Quels éléments ont conduit à cette «identification formelle» ? «Le comportement des individus, des matériels identifiés ainsi que du recoupement des renseignements collectés», dit le communiqué. Sans préciser lesquels. Des armes ont-elles été repérées ? Des mouvements permettant de détecter des combattants ? En milieu peul, il est commun que les hommes s'éloignent du village, un jour de mariage pour «chercher une bonne ombre» ou «être à côté du bétail», commentent des personnes familières de la zone, en particulier dans les familles d'éleveurs. Quels critères, dès lors, ont permis aux soldats français de différencier un groupe de villageois d'un rassemblement jihadiste ?
La liste nominative des victimes dressée par Jeunesse Tabital Pulaaku - non vérifiée de source indépendante - donne de premiers éléments de réponse : la majorité des hommes tués ont plus de 40 ans (13 sur 19) et ils sont presque tous des habitants de Bounti (15 sur 19). Parmi eux, beaucoup appartiennent aux mêmes familles. Ces trois informations, si elles venaient à être confirmées, dessinent un profil de groupe plus conforme à la foule d'un mariage qu'à une bande d'islamistes armés. «Aucun élément constitutif d'un rassemblement festif ou d'un mariage n'a été observé», insiste Barkhane. Dans cette région sous emprise jihadiste, les mariages ne sont jamais «festifs», expliquent tous les connaisseurs de la zone, car de telles cérémonies sont strictement prohibées. «Je ne peux pas garantir que les jihadistes ne se trouvent pas dans les environs, mais une chose est sûre, les Peuls du village ne sont pas mêlés à cette histoire de jihad, insiste un autre invité du mariage. Dans le cercle de Douentza, les villages qui ont des contingents dans les rangs jihadistes sont connus de tous. Bounti n'en fait pas partie.»

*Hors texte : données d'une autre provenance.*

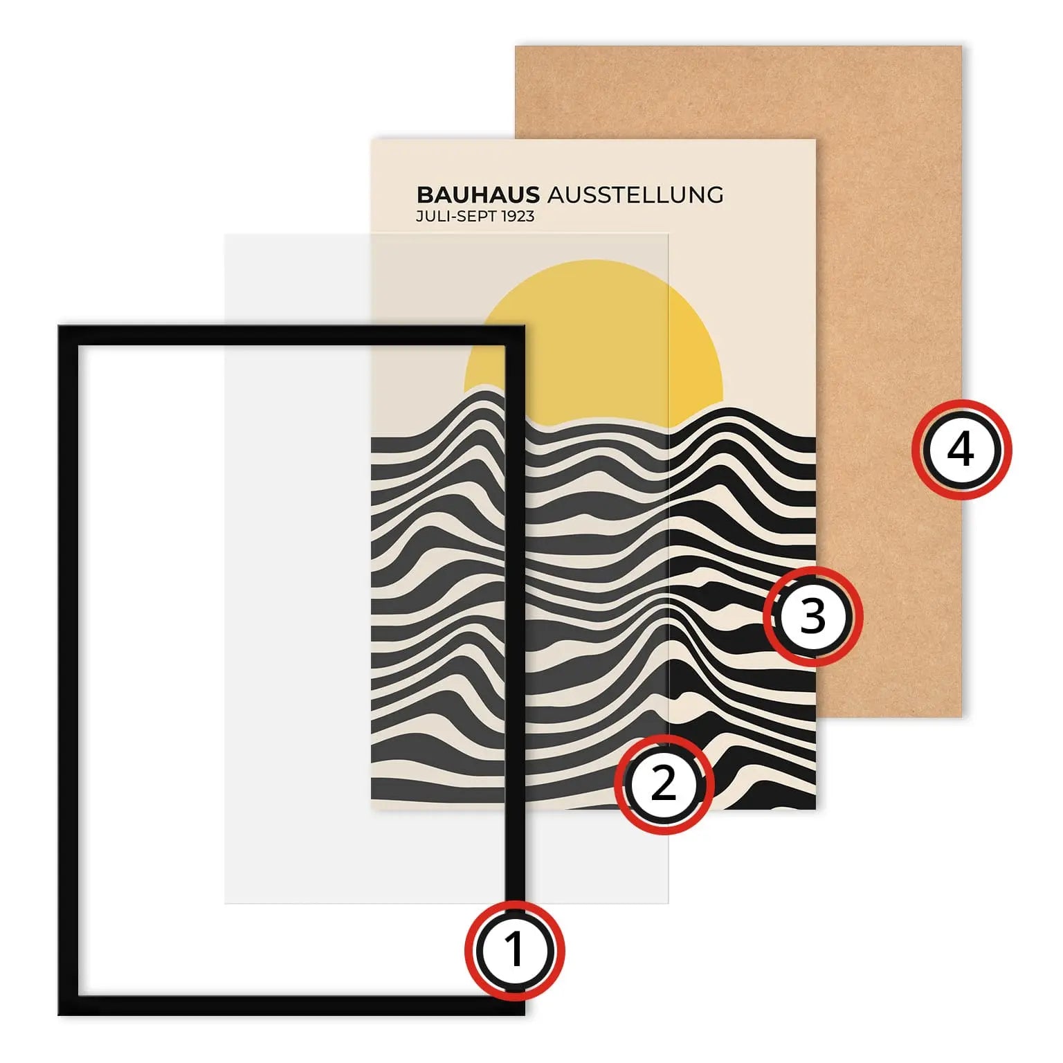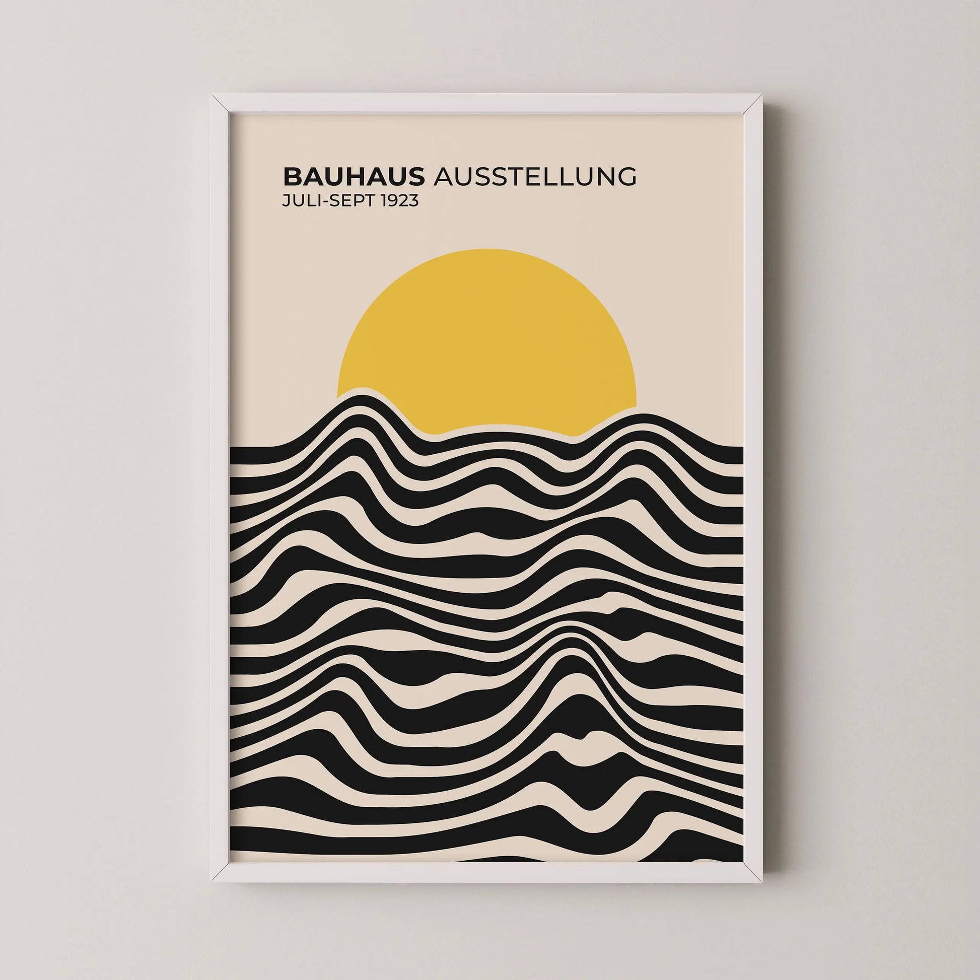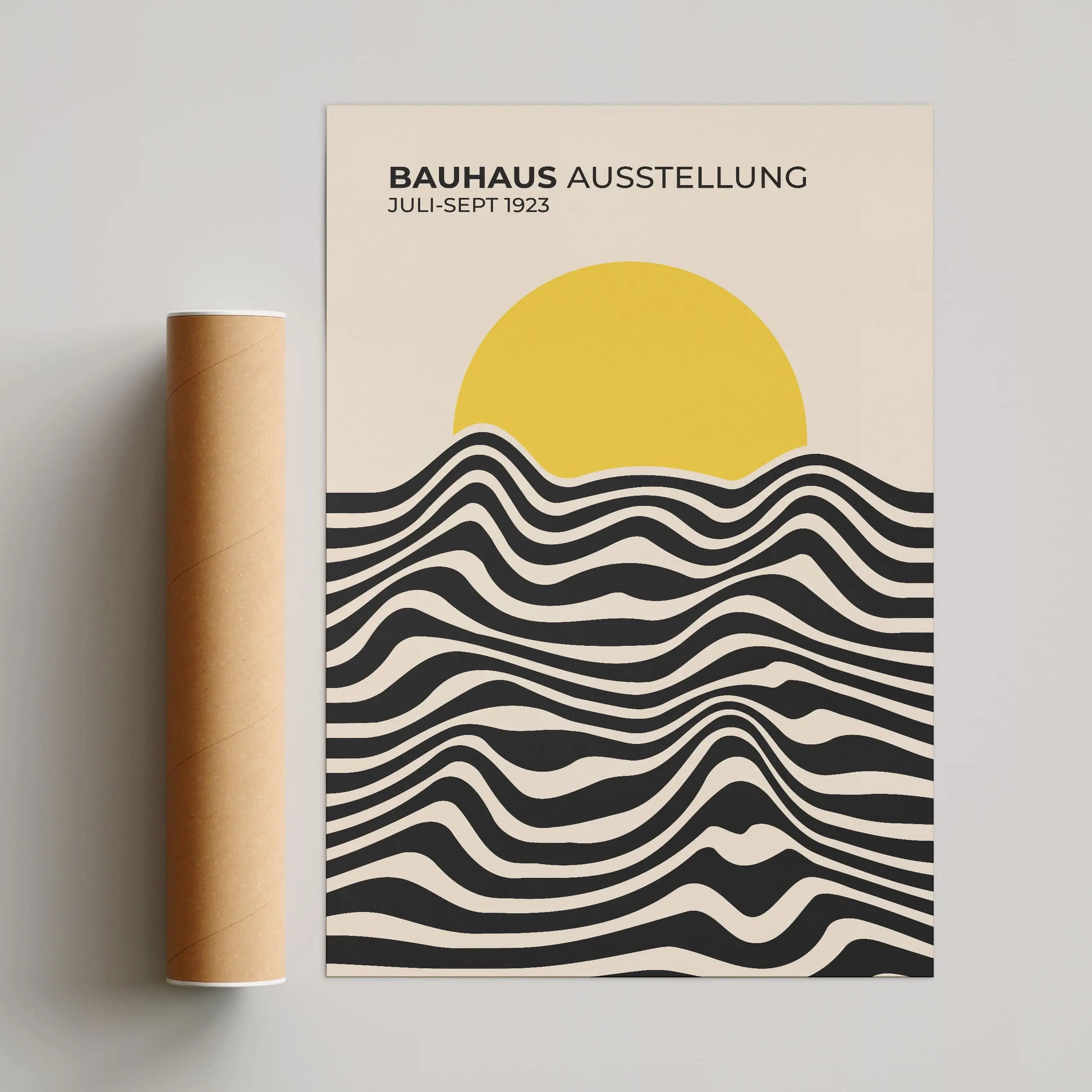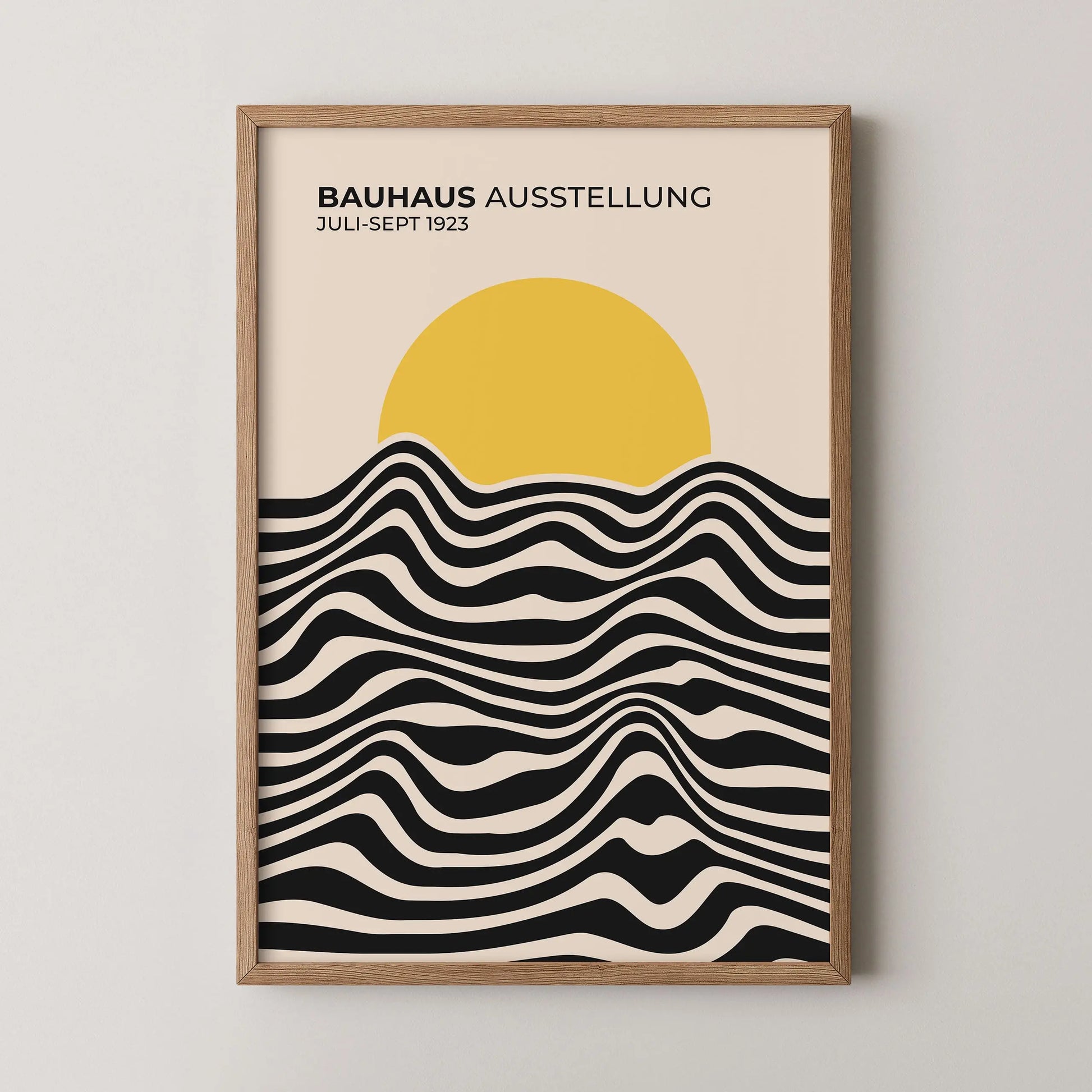 Dieses Bauhaus-Vintageplakat besteht aus parallelen, gewellten Linien, die abwechselnd in hellen und dunklen Flächen ausgeführt sind und horizontal im unteren Bereich angeordnet sind. Diese Linien bilden fließende, kontinuierliche Kurven und erzeugen einen gleichmäßigen visuellen Rhythmus. Der obere Bereich wird von einer vollflächigen Scheibe eingenommen, die die Linien teilweise überlagert und einen klaren Kontrast zwischen organischen Formen und einfacher Geometrie schafft.

A Paris, l'état-major, pourtant, semble ne laisser aucune place au doute : «Les éléments disponibles, qu'il s'agisse de l'analyse de la zone avant ou après la frappe, comme de la robustesse du processus de ciblage, permettent d'exclure la possibilité d'un dommage collatéral.» Et précise à Libération que des soldats français se sont rendus à Bounti vendredi : leurs observations «ont en tout point confirmé les analyses» qui ont conduit à la frappe dimanche.
Le ministère malien de la Défense a également donné sa version des événements jeudi : «Un regroupement d'une cinquantaine d'individus a été observé vers 11 heures, indique son communiqué. Aux environ de 13 heures, ces éléments de la katiba Serma [composante de la coalition du Jnim, affiliée à Al-Qaeda], vêtus de la même façon, ont formé trois groupes. Ce regroupement de combattants a été qualifié d'objectifs militaires et l'intervention aérienne sollicitée par le poste de commandement conjoint.» Le nom de cette opération conjointe ? «Eclipse». Les faits de dimanche méritent pourtant la pleine lumière. La diffusion des «images de la mission d'observation et de surveillance» mentionnées dans le communiqué pourrait constituer une première étape.